(Supplied information begins)

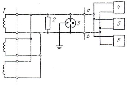 где hmi - абсолютная суммарная численность; п - общее количество зарегистрированных численностей. Допускается определять эквивалентный мешающий ток путем пересчета измеренного псофометрического влияющего тока. 2.2. Измерение эквивалентного мешающего напряжения USS Измерения следует проводить аналогично п. 2.1. 2.3. Измерение гармонических составляющих напряжения в проводе системы трехфазного переменного тока относительно земли 2.3.1. Общие положения 2.3.1.1. При перегрузке приборов током основной частоты необходимо подключить фильтр верхних частот. 2.3.1.2. Допускается на входе измерительных приборов включать делитель напряжения. 2.3.1.3. Подключение отдельных приборов не должно влиять на показания других приборов. 2.3.1.4. При несимметричном входе любого из измерительных приборов следует использовать симметрирующий трансформатор. 2.3.1.5. Приборы должны иметь достаточно высокое входное сопротивление и соответствующую частотную характеристику. 2.3.1.6. Для защиты измерительных приборов допускается использовать разрядник. 2.3.2. Аппаратура Измерения следует проводить по схеме, приведенной на черт. 3,
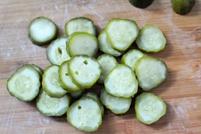 - If pickles are whole, slice them into ¼ in - ½ in slices.
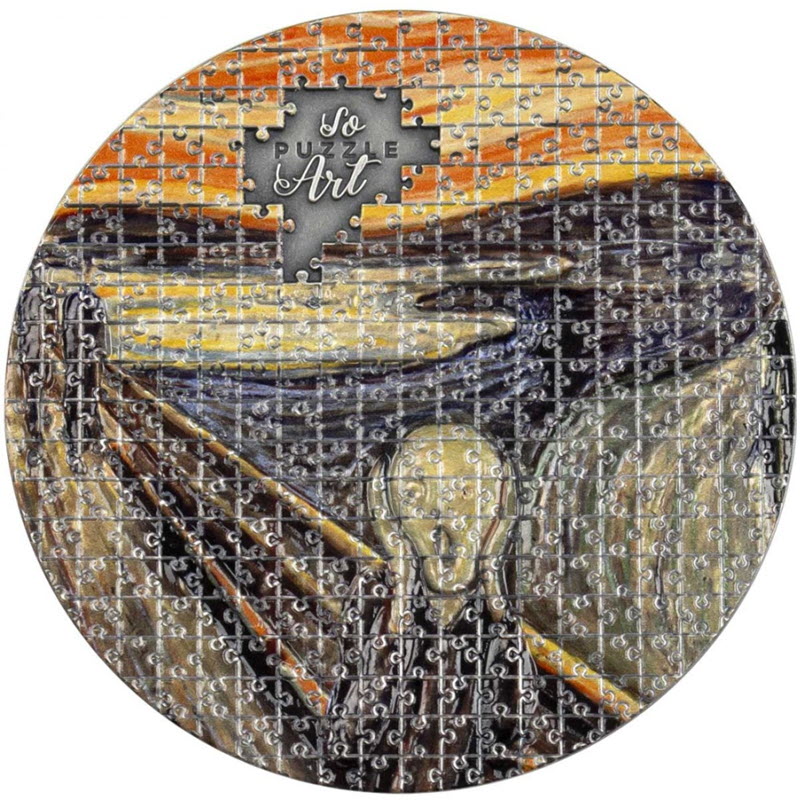 Эта необычная серебряная монета весом в 3 унции является четвертой в серии "soPuzzle"Art и посвящена одной из самых известных картин Эдварда Мунка: "Крик". тематический футляр вместе с сертификатом подлинности. Ограниченный тираж всего 340 штук по всему миру!
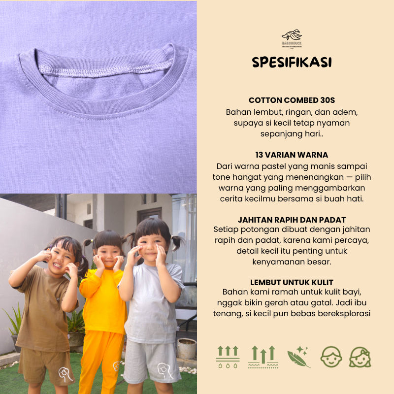 Jadilah yang pertama memberikan ulasan “Barooduck – Setelan Baju Anak Lengan Pendek Cotton Combed 30s Anak Laki Laki/Perempuan Usia 0-5 Thn – Warna Terang”

(Supplied information ends)

*To do:*
Exactly the lines from the one with "- If pickles" through the end of the listing above are to be repeated, with no pictures.

*Finished exercise:*
 - If pickles are whole, slice them into ¼ in - ½ in slices.
 Эта необычная серебряная монета весом в 3 унции является четвертой в серии "soPuzzle"Art и посвящена одной из самых известных картин Эдварда Мунка: "Крик". тематический футляр вместе с сертификатом подлинности. Ограниченный тираж всего 340 штук по всему миру!
 Jadilah yang pertama memberikan ulasan “Barooduck – Setelan Baju Anak Lengan Pendek Cotton Combed 30s Anak Laki Laki/Perempuan Usia 0-5 Thn – Warna Terang”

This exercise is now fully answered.